*** Block opens ***

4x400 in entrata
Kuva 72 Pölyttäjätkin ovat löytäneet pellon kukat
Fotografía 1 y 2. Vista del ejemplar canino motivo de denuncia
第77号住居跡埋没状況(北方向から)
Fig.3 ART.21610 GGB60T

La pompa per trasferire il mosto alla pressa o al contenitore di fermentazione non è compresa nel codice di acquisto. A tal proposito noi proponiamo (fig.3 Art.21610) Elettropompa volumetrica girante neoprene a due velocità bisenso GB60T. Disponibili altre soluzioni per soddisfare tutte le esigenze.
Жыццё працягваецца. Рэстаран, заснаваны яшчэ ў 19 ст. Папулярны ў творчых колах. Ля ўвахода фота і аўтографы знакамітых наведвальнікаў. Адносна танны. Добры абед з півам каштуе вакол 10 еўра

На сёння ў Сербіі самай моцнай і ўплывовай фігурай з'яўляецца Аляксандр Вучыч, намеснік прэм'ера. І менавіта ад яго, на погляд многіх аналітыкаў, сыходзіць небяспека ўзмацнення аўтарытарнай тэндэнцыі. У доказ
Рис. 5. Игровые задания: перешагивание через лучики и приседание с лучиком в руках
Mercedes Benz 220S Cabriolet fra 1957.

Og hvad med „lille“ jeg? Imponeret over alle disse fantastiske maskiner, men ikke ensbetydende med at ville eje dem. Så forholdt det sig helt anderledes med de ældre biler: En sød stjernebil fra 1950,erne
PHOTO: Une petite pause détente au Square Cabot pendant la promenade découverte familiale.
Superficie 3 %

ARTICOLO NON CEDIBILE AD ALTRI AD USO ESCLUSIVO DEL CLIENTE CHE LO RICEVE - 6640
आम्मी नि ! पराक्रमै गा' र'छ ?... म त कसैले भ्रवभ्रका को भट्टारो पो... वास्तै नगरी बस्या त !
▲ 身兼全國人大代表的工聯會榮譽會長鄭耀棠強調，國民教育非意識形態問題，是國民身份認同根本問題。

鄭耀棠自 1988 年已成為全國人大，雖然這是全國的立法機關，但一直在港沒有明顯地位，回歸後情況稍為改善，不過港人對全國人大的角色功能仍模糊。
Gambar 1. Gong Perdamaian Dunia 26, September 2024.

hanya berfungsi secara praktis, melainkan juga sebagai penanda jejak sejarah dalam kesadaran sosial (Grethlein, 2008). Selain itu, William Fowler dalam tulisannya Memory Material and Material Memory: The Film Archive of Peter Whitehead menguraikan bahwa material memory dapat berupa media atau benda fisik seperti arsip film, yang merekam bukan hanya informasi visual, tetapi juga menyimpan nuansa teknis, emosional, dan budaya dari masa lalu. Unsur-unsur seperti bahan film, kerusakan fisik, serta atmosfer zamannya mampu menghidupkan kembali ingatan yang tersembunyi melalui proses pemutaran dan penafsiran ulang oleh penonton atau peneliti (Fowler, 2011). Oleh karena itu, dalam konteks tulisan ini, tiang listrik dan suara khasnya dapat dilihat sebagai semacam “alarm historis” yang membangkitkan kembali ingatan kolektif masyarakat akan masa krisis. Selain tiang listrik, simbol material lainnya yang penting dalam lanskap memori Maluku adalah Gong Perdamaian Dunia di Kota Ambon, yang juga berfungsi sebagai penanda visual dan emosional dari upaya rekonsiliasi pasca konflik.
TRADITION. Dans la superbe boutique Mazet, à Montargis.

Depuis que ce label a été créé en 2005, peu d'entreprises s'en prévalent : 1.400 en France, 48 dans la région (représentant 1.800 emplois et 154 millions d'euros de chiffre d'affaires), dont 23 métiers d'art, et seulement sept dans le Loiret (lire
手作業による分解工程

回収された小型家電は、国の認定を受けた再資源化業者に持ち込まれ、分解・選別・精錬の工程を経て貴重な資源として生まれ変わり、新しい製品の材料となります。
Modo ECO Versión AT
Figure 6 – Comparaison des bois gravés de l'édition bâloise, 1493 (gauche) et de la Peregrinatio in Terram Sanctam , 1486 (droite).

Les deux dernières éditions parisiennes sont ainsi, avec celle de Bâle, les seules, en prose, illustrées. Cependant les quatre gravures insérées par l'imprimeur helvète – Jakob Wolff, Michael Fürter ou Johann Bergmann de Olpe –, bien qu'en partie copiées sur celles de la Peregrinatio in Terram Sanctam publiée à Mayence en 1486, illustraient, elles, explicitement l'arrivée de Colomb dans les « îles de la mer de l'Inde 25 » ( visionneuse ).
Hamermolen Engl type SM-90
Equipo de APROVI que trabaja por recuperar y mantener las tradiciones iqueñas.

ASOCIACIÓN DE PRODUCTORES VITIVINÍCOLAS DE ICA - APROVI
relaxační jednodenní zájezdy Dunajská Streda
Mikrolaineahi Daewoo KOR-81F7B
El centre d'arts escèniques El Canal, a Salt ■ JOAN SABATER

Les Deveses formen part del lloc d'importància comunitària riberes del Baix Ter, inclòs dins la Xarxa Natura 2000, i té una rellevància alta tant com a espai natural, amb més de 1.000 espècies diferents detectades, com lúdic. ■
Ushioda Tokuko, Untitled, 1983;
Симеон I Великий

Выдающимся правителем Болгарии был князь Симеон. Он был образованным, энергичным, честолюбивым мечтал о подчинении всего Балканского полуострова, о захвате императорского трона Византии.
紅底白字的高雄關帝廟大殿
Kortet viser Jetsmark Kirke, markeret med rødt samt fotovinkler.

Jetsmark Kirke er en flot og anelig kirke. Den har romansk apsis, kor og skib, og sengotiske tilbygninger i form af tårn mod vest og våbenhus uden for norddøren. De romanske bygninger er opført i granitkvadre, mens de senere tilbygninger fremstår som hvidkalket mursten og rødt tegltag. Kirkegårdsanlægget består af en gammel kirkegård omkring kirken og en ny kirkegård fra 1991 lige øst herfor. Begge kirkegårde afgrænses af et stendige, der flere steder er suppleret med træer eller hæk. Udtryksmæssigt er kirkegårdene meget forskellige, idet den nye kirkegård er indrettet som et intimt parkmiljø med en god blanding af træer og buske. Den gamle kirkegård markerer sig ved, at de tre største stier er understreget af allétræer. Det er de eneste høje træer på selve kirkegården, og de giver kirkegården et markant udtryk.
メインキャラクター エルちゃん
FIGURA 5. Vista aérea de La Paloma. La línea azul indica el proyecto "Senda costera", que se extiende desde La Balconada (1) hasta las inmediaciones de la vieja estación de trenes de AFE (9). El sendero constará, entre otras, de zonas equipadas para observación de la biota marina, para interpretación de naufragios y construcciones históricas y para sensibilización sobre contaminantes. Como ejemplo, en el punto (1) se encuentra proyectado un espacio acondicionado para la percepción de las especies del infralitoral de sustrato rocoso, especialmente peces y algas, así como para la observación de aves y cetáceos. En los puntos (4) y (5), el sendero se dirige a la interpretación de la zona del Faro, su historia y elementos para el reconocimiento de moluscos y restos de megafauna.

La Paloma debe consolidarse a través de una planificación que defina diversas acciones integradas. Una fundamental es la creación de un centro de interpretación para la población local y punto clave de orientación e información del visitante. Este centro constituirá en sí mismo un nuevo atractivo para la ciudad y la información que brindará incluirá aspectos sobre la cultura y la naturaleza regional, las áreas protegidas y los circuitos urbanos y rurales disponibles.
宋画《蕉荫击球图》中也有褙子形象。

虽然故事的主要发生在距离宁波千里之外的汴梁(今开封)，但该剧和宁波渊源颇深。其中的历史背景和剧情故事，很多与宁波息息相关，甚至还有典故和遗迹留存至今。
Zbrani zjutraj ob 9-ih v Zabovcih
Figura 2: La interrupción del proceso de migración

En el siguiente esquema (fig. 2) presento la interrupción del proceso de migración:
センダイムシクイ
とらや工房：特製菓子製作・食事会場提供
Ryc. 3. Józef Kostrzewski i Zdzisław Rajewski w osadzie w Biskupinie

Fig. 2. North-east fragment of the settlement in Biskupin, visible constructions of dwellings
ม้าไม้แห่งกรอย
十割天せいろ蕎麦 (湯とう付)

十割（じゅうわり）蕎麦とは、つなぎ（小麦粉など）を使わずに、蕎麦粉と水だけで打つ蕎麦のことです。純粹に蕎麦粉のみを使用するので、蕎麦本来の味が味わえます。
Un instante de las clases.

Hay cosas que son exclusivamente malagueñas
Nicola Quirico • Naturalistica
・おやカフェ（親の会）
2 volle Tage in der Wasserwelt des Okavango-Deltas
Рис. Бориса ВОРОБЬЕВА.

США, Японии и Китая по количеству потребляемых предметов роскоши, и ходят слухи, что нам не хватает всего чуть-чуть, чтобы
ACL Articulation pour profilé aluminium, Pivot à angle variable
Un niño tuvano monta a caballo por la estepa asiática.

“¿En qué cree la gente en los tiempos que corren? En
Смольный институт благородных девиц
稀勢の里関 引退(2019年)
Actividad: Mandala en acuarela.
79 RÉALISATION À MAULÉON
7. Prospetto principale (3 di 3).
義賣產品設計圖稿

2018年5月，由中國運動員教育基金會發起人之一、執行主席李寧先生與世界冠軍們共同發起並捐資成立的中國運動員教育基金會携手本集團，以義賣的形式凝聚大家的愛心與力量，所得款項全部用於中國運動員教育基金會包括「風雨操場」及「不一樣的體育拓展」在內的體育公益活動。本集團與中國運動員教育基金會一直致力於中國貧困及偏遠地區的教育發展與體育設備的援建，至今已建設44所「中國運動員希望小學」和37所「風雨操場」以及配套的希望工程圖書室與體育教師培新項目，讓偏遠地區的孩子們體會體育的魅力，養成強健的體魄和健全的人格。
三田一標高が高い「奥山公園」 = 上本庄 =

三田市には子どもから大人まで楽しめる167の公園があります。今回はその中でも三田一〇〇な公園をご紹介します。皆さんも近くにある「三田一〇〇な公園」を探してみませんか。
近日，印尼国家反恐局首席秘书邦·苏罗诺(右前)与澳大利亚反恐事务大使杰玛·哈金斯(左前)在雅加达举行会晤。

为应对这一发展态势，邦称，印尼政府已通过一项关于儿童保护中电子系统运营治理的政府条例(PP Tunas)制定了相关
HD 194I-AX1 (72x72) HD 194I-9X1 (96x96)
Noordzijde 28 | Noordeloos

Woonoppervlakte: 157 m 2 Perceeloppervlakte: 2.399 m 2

*** Block closes ***

● **Your objective**: Could you print, exactly and with nothing else, the lines from the one containing "Смольный институт благородных девиц" through the last line of the records above?

● **Your response**:
Смольный институт благородных девиц
稀勢の里関 引退(2019年)
Actividad: Mandala en acuarela.
79 RÉALISATION À MAULÉON
7. Prospetto principale (3 di 3).
義賣產品設計圖稿

2018年5月，由中國運動員教育基金會發起人之一、執行主席李寧先生與世界冠軍們共同發起並捐資成立的中國運動員教育基金會携手本集團，以義賣的形式凝聚大家的愛心與力量，所得款項全部用於中國運動員教育基金會包括「風雨操場」及「不一樣的體育拓展」在內的體育公益活動。本集團與中國運動員教育基金會一直致力於中國貧困及偏遠地區的教育發展與體育設備的援建，至今已建設44所「中國運動員希望小學」和37所「風雨操場」以及配套的希望工程圖書室與體育教師培新項目，讓偏遠地區的孩子們體會體育的魅力，養成強健的體魄和健全的人格。
三田一標高が高い「奥山公園」 = 上本庄 =

三田市には子どもから大人まで楽しめる167の公園があります。今回はその中でも三田一〇〇な公園をご紹介します。皆さんも近くにある「三田一〇〇な公園」を探してみませんか。
近日，印尼国家反恐局首席秘书邦·苏罗诺(右前)与澳大利亚反恐事务大使杰玛·哈金斯(左前)在雅加达举行会晤。

为应对这一发展态势，邦称，印尼政府已通过一项关于儿童保护中电子系统运营治理的政府条例(PP Tunas)制定了相关
HD 194I-AX1 (72x72) HD 194I-9X1 (96x96)
Noordzijde 28 | Noordeloos

Woonoppervlakte: 157 m 2 Perceeloppervlakte: 2.399 m 2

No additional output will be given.